◆ DATA IN THIS EXERCISE ◆
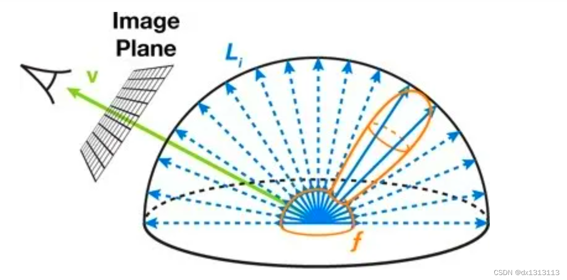 ,每个入射方向的贡献,必须将他们在半球上相加:
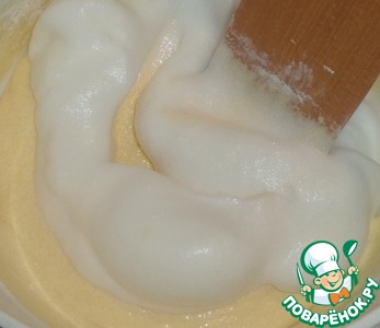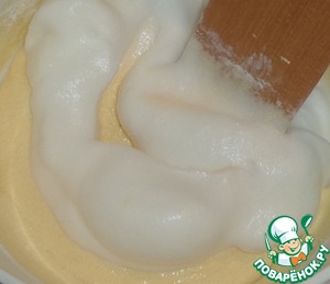 Белки взбиваем миксером в стойкую пену. Белки добавляем в тесто и хорошо перемешиваем.
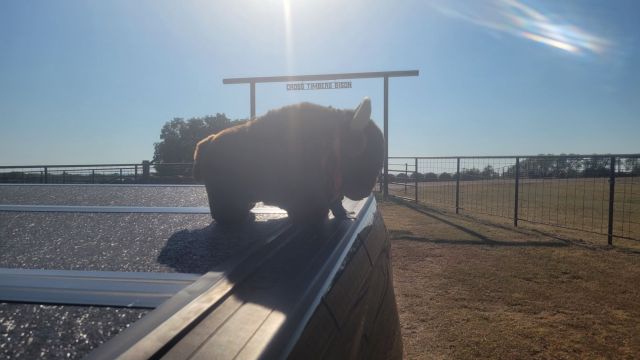 It was time to head for Sulphur to see if we could find Cross Timbers Bison Ranch. I had contacted them advising that we would be there in a black pickup truck. We meant no harm – just to take some pictures of our favorite bison – Big Joe (you’ll have to watch “Cross Timbers Bison” videos to understand who that is). My timing was really bad. I was trying to take cell phone pictures of some bison lounging in the pasture but my camera was pointed directly at the sun. I couldn’t even see what I was taking pictures of. I did manage to get a picture of one bison who appeared to have escaped the confines.
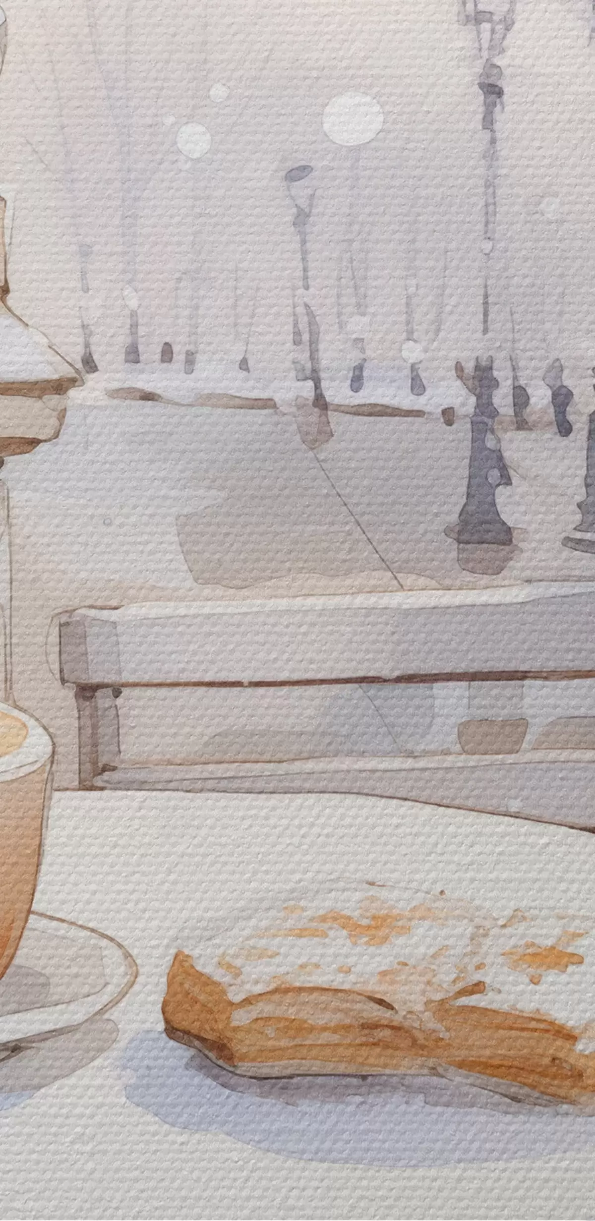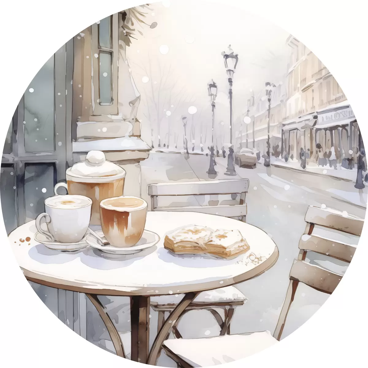 Nuotrauka Estetiška gatvės kavinė, Prancūzija, šviežia kepykla, akvarelės stiliaus piešinys Nr r42798
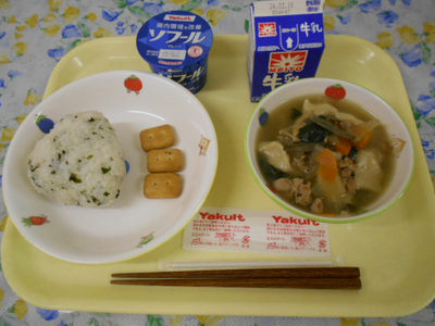 わかめおにぎり、すいとん、乾パン、ヨーグルト、牛乳
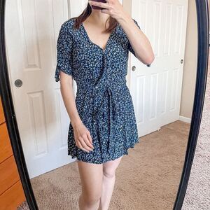 Features short sleeves, crossover V neck, tie waist, 2 button closure to adjust waist size, mini above knee length, ditzy floral navy blue print
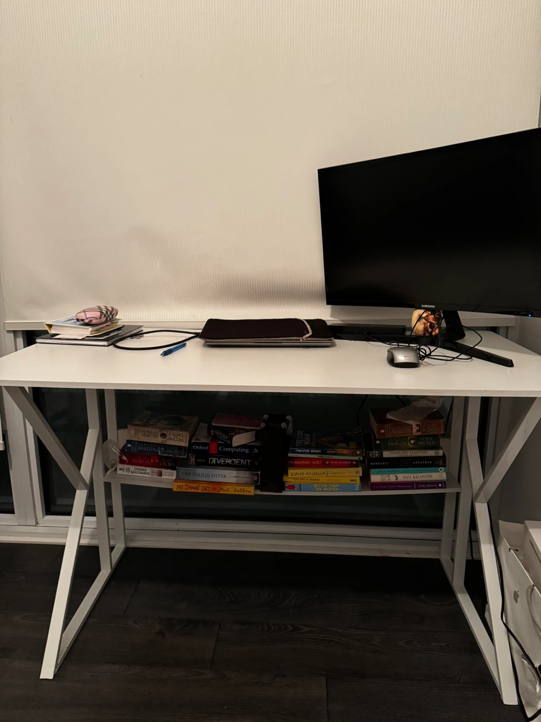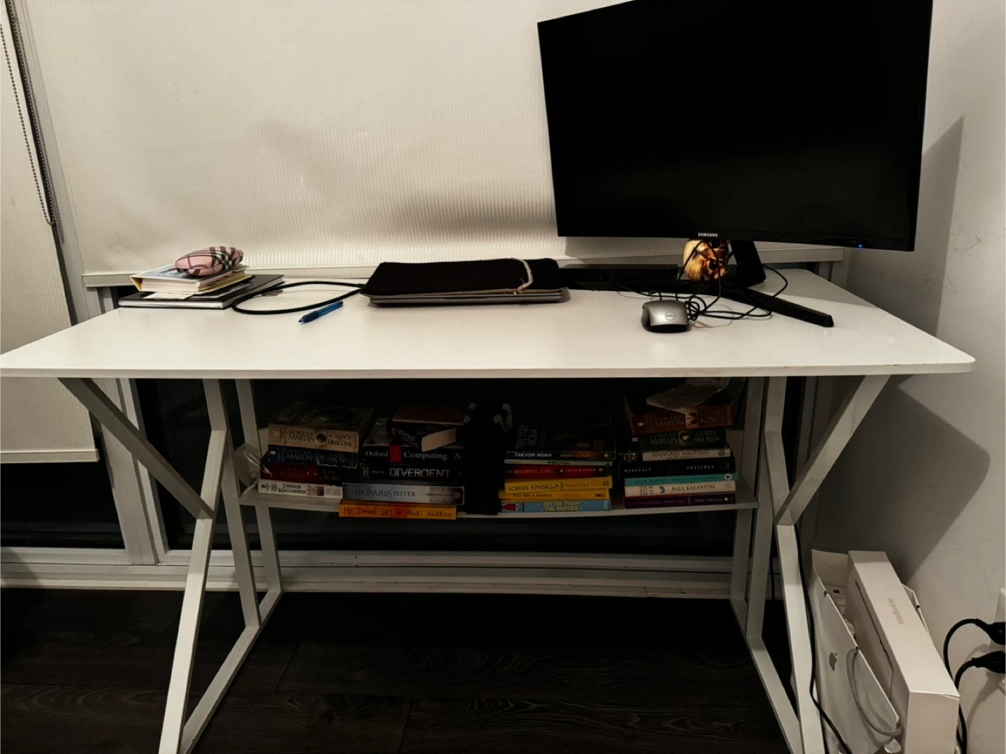 Selling a white desk that comes with a built-in bookshelf! It's perfect for a home office or study space. The desk is in great condition and ready for a new home. The bookshelf offers extra storage for books or other items.
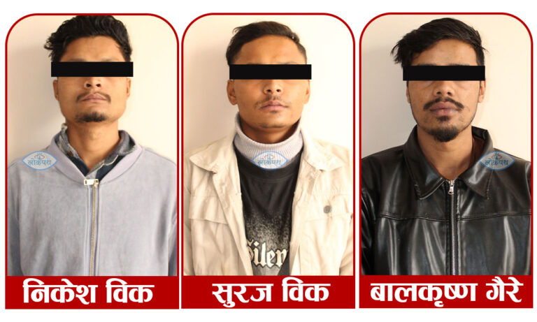 सन्दिग्धको खोजी गर्ने क्रममा बुधबार दिउँसो दुई युवालाई काठमाडौं उपत्यका अपराध अनुसन्धान कार्यालय (अपराध महाशाखा)कै प्रहरी टोलीले नियन्त्रणमा लियो । पक्राउ परेकाहरूको शरीर खानतलासी गर्दा उनीहरूको साथबाट प्रहरीले नै बोक्ने एक थान पेस्तोल भेटियो । यद्यपि पेस्तोलमा गोली भने थिएन । अनि पक्राउ परेकाहरू थिए मकवानपुरको बागमती गाउँपालिका ७ स्थायी ठेगाना भएका २५ वर्षीय निकेश विक र २५ वर्षीय नै सुरज बिक । नातामा उनीहरू काका बाउका छोराहरू थिए ।
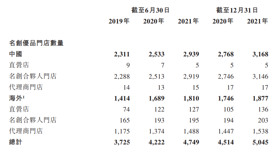 从2013年第一家门店落地至今,九年时间,名创优品逐步在全球范围内建立了庞大的门店网络。根据招股书,截至2021年12月31日,名创优品在全球自有品牌综合零售行业拥有最广泛的全球门店网络,在全球共计约100个国家和地区,设立5045家名创优品门店,在中国有3168家名创优品门店,在海外有1877家名创优品门店。
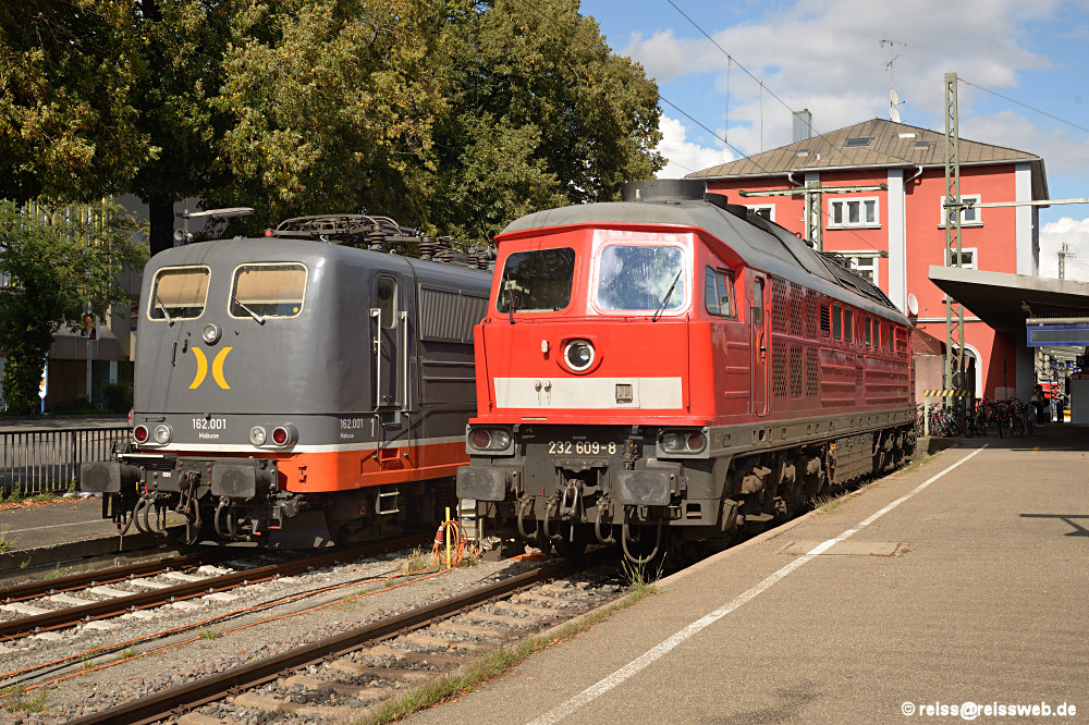 162.001 "Mabuse" von Hectorrail & 232 609 von DB Cargo warten im Rahmen der Umleiterverkehre "Rastatt" am Abend des 06.09.2017 in Singen (Hohentwiel) auf ihre nächsten Dienste.
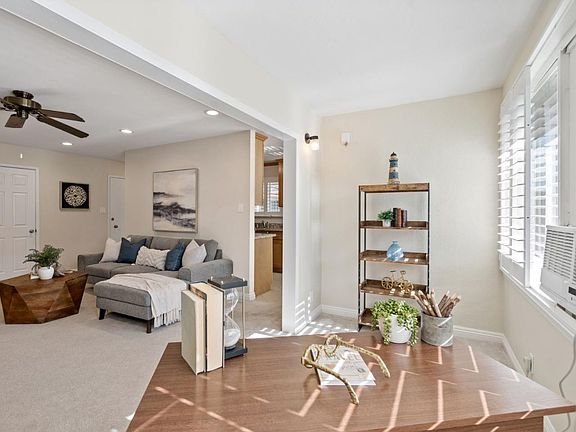 Nestled in a picturesque community, this 3BR/2BA condominium exudes style, functionality, & comfort. Wander through a well-manicured courtyard before entering this abundant abode, where plush carpeting extends through the bright living room & versatile alcove. The adjacent galley kitchen features stainless steel appliances, shaker cabinetry, & a sunny breakfast nook, catering to all of your culinary needs. Move down the hall to find a guest bath accompanying 2 guest bedrooms & a primary suite. Each bedroom offers tons of closet space, while the primary suite opens to a chic ensuite w/ a walk-in shower. In addition to this flourishing floor plan, appreciate reserved carport parking. Spend afternoons lounging by the community pool or explore San Jose's amenities. Nearby Santana Row & Westfield Mall feature various local favorite restaurants, shops, & entertainment to fill your weekends. Proximity to great schools, parks, & ample HWYS add even more convenience to your daily routine.
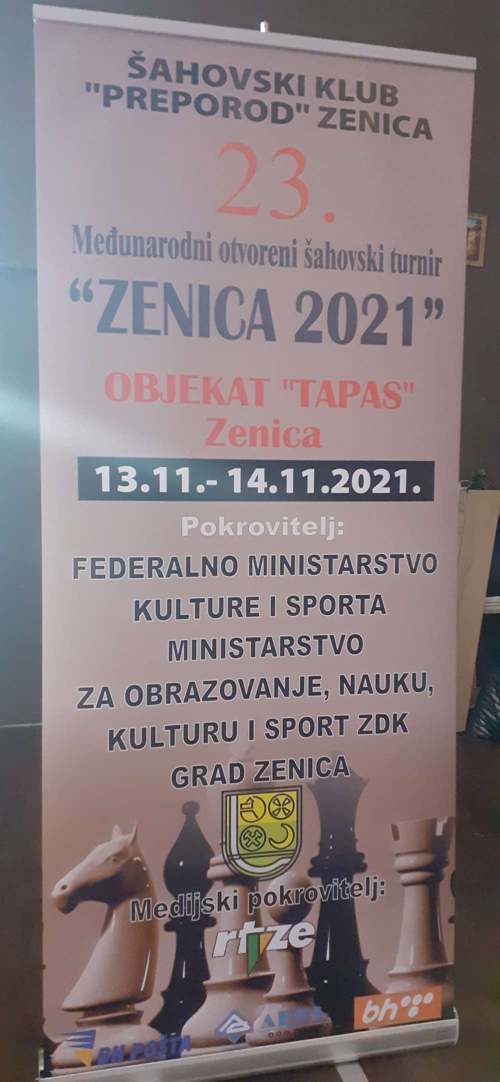 Dvadeset treći međunarodni otvoreni šahovski turnir “ZENICA 2021.”, otvoren je danas u Zenici i biće dvodnevni 13. i 14.11.2021. godine. Učestvuje 26 šahista, među kojima su tri velemajstora (GM), tri intermajstora (IM) i jedan FIDE majstor (FM).

◆ PROBLEM REQUIREMENTS ◆
From the records above, return exactly the lines running from the one that contains "It was time" down to the one that contains "ihre nächsten Dienste.", both included, without any pictures.

◆ RESULT FOR THIS EXERCISE ◆
 It was time to head for Sulphur to see if we could find Cross Timbers Bison Ranch. I had contacted them advising that we would be there in a black pickup truck. We meant no harm – just to take some pictures of our favorite bison – Big Joe (you’ll have to watch “Cross Timbers Bison” videos to understand who that is). My timing was really bad. I was trying to take cell phone pictures of some bison lounging in the pasture but my camera was pointed directly at the sun. I couldn’t even see what I was taking pictures of. I did manage to get a picture of one bison who appeared to have escaped the confines.
 Nuotrauka Estetiška gatvės kavinė, Prancūzija, šviežia kepykla, akvarelės stiliaus piešinys Nr r42798
 わかめおにぎり、すいとん、乾パン、ヨーグルト、牛乳
 Features short sleeves, crossover V neck, tie waist, 2 button closure to adjust waist size, mini above knee length, ditzy floral navy blue print
 Selling a white desk that comes with a built-in bookshelf! It's perfect for a home office or study space. The desk is in great condition and ready for a new home. The bookshelf offers extra storage for books or other items.
 सन्दिग्धको खोजी गर्ने क्रममा बुधबार दिउँसो दुई युवालाई काठमाडौं उपत्यका अपराध अनुसन्धान कार्यालय (अपराध महाशाखा)कै प्रहरी टोलीले नियन्त्रणमा लियो । पक्राउ परेकाहरूको शरीर खानतलासी गर्दा उनीहरूको साथबाट प्रहरीले नै बोक्ने एक थान पेस्तोल भेटियो । यद्यपि पेस्तोलमा गोली भने थिएन । अनि पक्राउ परेकाहरू थिए मकवानपुरको बागमती गाउँपालिका ७ स्थायी ठेगाना भएका २५ वर्षीय निकेश विक र २५ वर्षीय नै सुरज बिक । नातामा उनीहरू काका बाउका छोराहरू थिए ।
 从2013年第一家门店落地至今,九年时间,名创优品逐步在全球范围内建立了庞大的门店网络。根据招股书,截至2021年12月31日,名创优品在全球自有品牌综合零售行业拥有最广泛的全球门店网络,在全球共计约100个国家和地区,设立5045家名创优品门店,在中国有3168家名创优品门店,在海外有1877家名创优品门店。
 162.001 "Mabuse" von Hectorrail & 232 609 von DB Cargo warten im Rahmen der Umleiterverkehre "Rastatt" am Abend des 06.09.2017 in Singen (Hohentwiel) auf ihre nächsten Dienste.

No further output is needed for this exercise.